Say I have a list of objects. Maybe its got some ints, some strings, and some floats. What I'd like to do is sort the list so that all ints are moved to the end of the list but no other types are touches, sort of like this...

for idx, el in enumerate(somelist):
    if el.__class__ is int:
        somelist.append(somelist.pop(idx))

My question is, is there a way to do this elegantly as a one-liner?

Answer 1

maybe this will be useful in another way:

>>> a=[4,'3','2', 6,7,4,'ssa']
>>> for i,j in groupby(sorted(a, key=lambda x: str(type(x))), type):
...     tuple(j)
...
(4, 6, 7, 4)
('3', '2', 'ssa')
>>>

Answer 2

isinstance(x,int) will be True or False so ints will get moved to the end:

l = [1.0,"foo",2,3,"bar"]
print(sorted(l, key=lambda x: isinstance(x,int)))
[1.0, 'foo', 'bar', 2, 3]

Answer 3

Boolean values are orderable in Python. And sorting is stable.

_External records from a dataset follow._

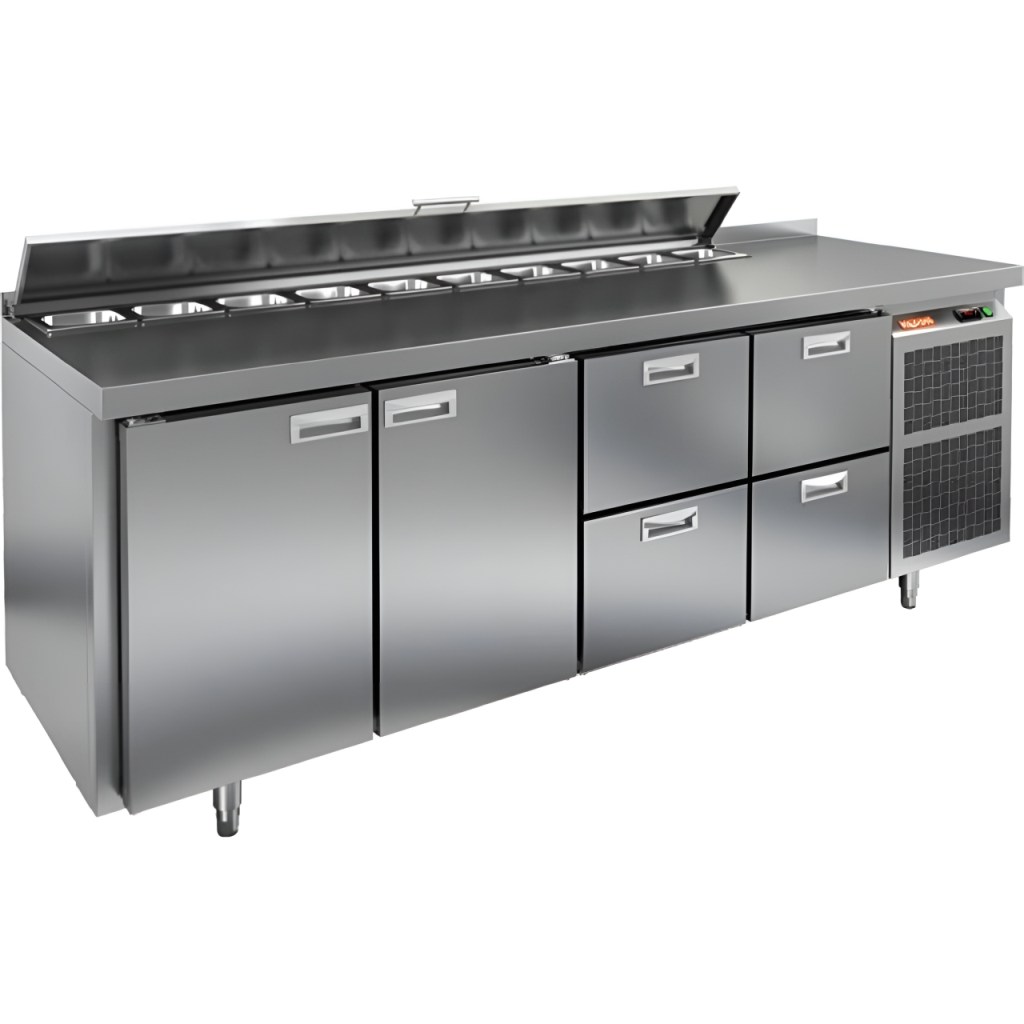 Каталог оборудования Холодильное оборудованиеСтолы охлаждаемыеСтолы холодильные для салатовСтол холодильный для салатов HiCold SL1-332GN (1/3) с крышкой Стол холодильный для салатов HiCold SL1-332GN (1/3) с крышкой Код товара: 064-851 Поделиться: WhatsAppTelegram СравнитьДобавить в КПВ избранное 0 290 692 ₽ В корзину 0 шт Под заказСамовывоз сегодня бесплатно Взять в кредит Купить в лизинг Получить консультацию в WhatsApp Описание Характеристики Отзывы 0 Инструкции 1 Стол холодильный для салатов HiCold SL1-332GN (1/3) предназначен для использования на предприятиях общественного питания и торговли. Он объединяет рабочую поверхность и охлаждаемый отсек, что делает его удобным решением для хранения, охлаждения и подготовки ингредиентов при приготовлении салатов, пиццы и других блюд. Такая конструкция позволяет повару работать быстрее и эффективнее, так как все необходимые продукты находятся под рукой. Корпус и столешница выполнены из прочной нержавеющей стали, устойчивой к коррозии и легко поддающейся санитарной обработке. Металлическая крышка защищает продукты от загрязнений и сохраняет их свежесть. Особенности модели: Электронная панель управления — точная настройка температурного режима. 8 выдвижных ящика — быстрое размещение и замена продуктов. Вместимость салат-бара — до 8 гастроемкостей глубиной до 100 мм. Автоматические доводчики — комфорт при загрузке/выгрузке. Легкозаменяемые магнитные уплотнители — надежная герметичность. Открытая агрегатная часть — быстрый доступ для обслуживания. Регулируемые по высоте ножки — устойчивость даже на неровном полу. Толщина столешницы, борта и теплоизоляции — 50 мм, что обеспечивает прочность и энергоэффективность конструкции. HiCold SL1-332GN (1/3) — практичное и удобное решение для профессиональной кухни, обеспечивающее удобную подготовку и хранение ингредиентов.Изображение товара, представленного на фото, может отличаться от его фактического вида. Показать все Габаритные размеры1835×700×850 ммДиапазон рабочей температурыот +2 до +10 °CРасположение агрегатаБоковое Материал столешницыНержавеющая Тип столаС дверьми и ящиками Тип двериГлухая Объём505 лКоличество дверей2 штТип гастроемкостейGN 1/3 Количество ящиков6 штРазмер полки530×325 ммНапряжение220 ВМощность0,46 кВтТип охлажденияДинамическое Тип оттайкиАвтоматическая СтолешницаС бортом Габариты в упаковке2000×850×1000 ммВес нетто120 кгВес брутто140 кгБрендHicold Оставить отзыв Еще никто не оставил отзыв на этот товар Декларация о соответствии.pdf Ранее просмотрено Под заказ 168 382 ₽ Стол холодильный для салатов HiCold SLE2-1111GN (1/6) О без крышки Под заказ 239 032 ₽ Стол холодильный для салатов HiCold SLE2-222GN (1/6) О с крышкой Под заказ 165 772 ₽ Стол холодильный для салатов HiCold SL2-11GN (1/6) М с крышкой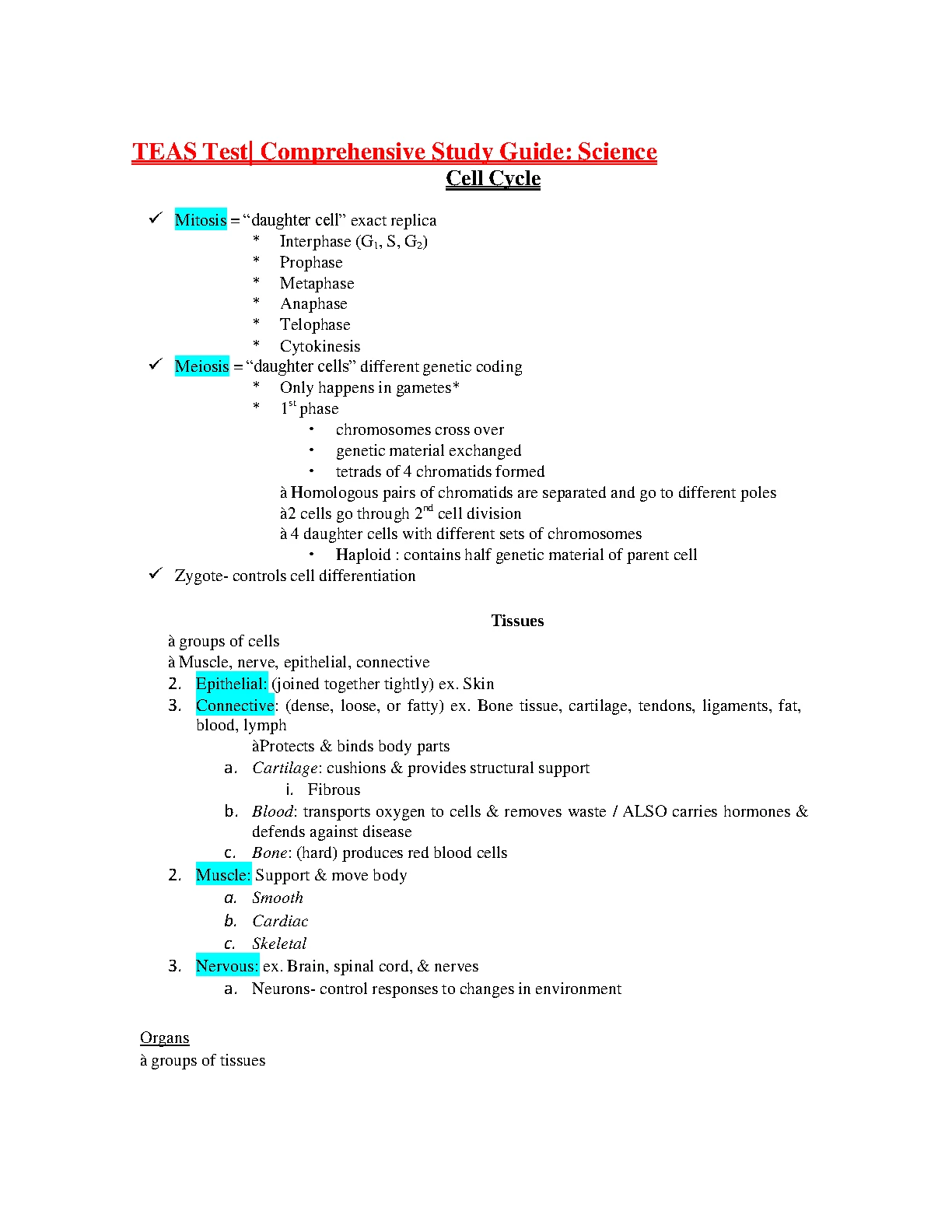 TEAS Test| Comprehensive Study Guide: Science STUDY GUIDE 2023/2024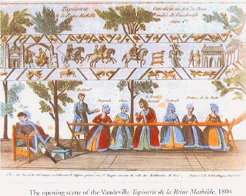 Those who've been following the website carefully will recall it's the programme cover from the 1804 vaudeville theatre show in Paris 'La Tapisserie de la Reine Mathilde' [aka The Bayeux Tapesty]. Napoleon brought the Bayeux Tapestry to Paris to strengthen his dynasty after he declared himself Emperor in 1804, and the Parisian theatre could not resist its vaudeville show. It's also the opening scene with the ladies hard at work stitching ... and the Bishop of Odo [aka Andrew Crummy] resting in his chair!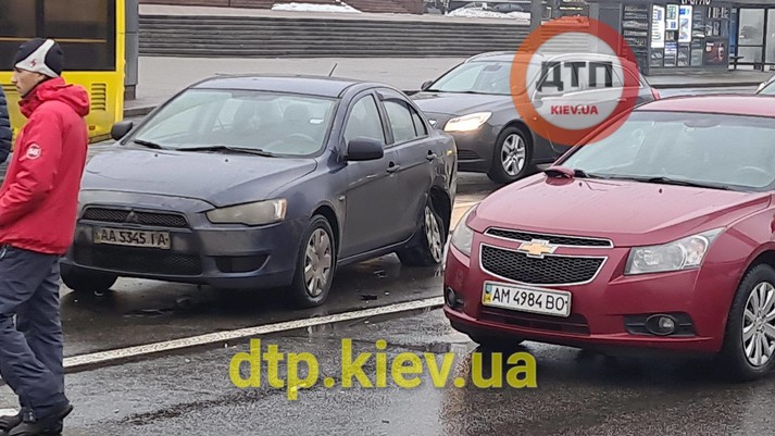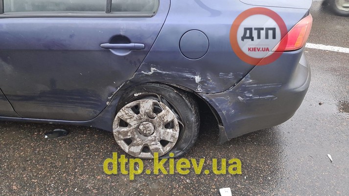 Як повідомляє dtp.kiev.ua, водій автомобіля Infiniti протаранив три пари автомобілів в черзі перед світлофором, у трьох – відлетіли колеса.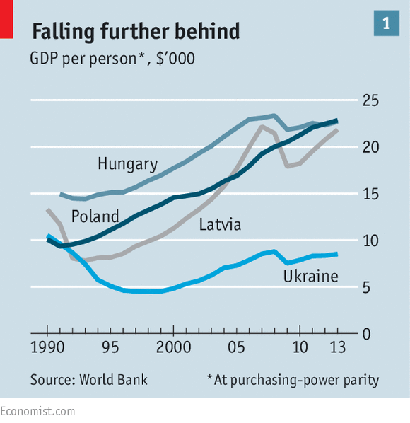В 1990-е Украина не получала пользы от такой помощи. Вместо этого ее экономика завязла в халтурной приватизации и коррупции (все это хорошо объясняется в новой книге Андерса Аслунда из аналитического центра "Атлантический Совет"). Она меньше продвинулась по пути реформ, чем Польша (см. ряд графиков ниже).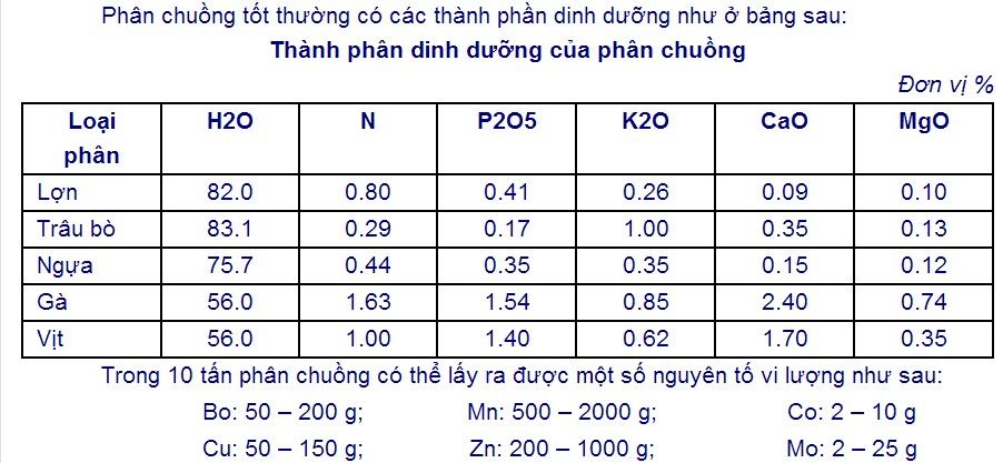Lân trong phân bò thua phân gà vịt gần 10 lần…v..v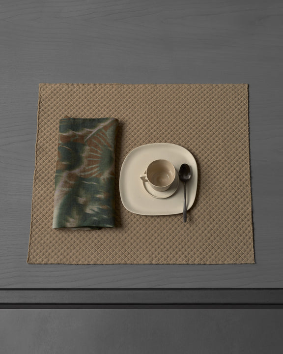 Large sketched leaves with fading outlines decorate NAP PAI napkins, which revisit the traditional Paisley motif in a pictorial key. Available in a delicate neutral nuance and in a bold contrasting combination of Guado and Cuoio, NAP PAI napkins gently dress the table with style. Each printed napkins is sold individually.

..., key=lambda x: isinstance(x, int), ...

Answer 4

If you don't care about doing it in place...

newlist = [i for i in somelist if not isinstance(x, int)] + [i for i in somelist if isinstance(x, int)]

Conveniently, since Python 2.2, sorts are stable, so you can also just do...

somelist.sort(key=lambda x: isinstance(x, int))

Note however that this does meant that any subclass of int will also be moved to the end of the list - if you don't want that, you'd want to change the condition to type(x) is int).